Parks weren't meant to be locked up as pristine wilderness

Published: Sunday, Dec. 28 2003 12:00 a.m. MST

"Virtually unfettered access." That's what you'll read in the papers about the recent Washington, D.C., district court ruling reinstating the Clinton administration's phase-out of all snowmobiles from Yellowstone National Park.

As with much reporting of public lands issues, this story contains substantial errors in fact. Becky Bohrer of the Associated Press erroneously described the Bush administration's snowmobile plan as "aimed largely at curbing air and noise pollution, and park officials considered it a balance between virtually unfettered snowmobile access and a ban."

"Virtually unfettered access" by snowmobiles in Yellowstone National Park has never been allowed. Prior to environmental groups' national campaign to eliminate snowmobiles and other motorized vehicles from all national parks, snow machines were limited to certain roads that are open to motorized traffic in the summer and also limited to a 45 mph speed limit. A vast majority of Yellowstone was always off limits to vehicle access during winter.

The environmentalist campaign to ban vehicles from parks began in Yellowstone. A petition to ban snowmobiles was immediately followed with a lawsuit based on the assumption that snowmobile use disturbed the bison herd. Interestingly, while the lawsuit moved along in court, populations of elk, grizzly bear, gray wolf and bison were increasing with no change in snowmobile access.

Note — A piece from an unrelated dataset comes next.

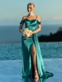 • Delicate Sheath Cold Shoulder Pleated Floor-Length Bridesmaid Dress

Of course "protecting the bison" wasn't really the point, so the lawsuits began to bounce around on a number of theories, including water and air pollution. The Park Service's own environmental analysis showed that the air and water in Yellowstone are not polluted, and while snowmobiles do have impacts, they are a fraction of the total human impacts to the park. This makes intuitive sense, since Yellowstone receives over 1.6 million summertime visitors traveling in all types of motorized vehicles along a more extensive road network than previously available to the 60,000 or so visitors on snowmobiles. Nevertheless, the Clinton administration was only too happy to accommodate the environmentalists with a three-year phase-out followed by a complete ban.

The pro-access advocacy group BlueRibbon Coalition joined the International Snowmobile Manufacturing Association and the state of Wyoming, each suing the Park Service, claiming that the ban was unwarranted.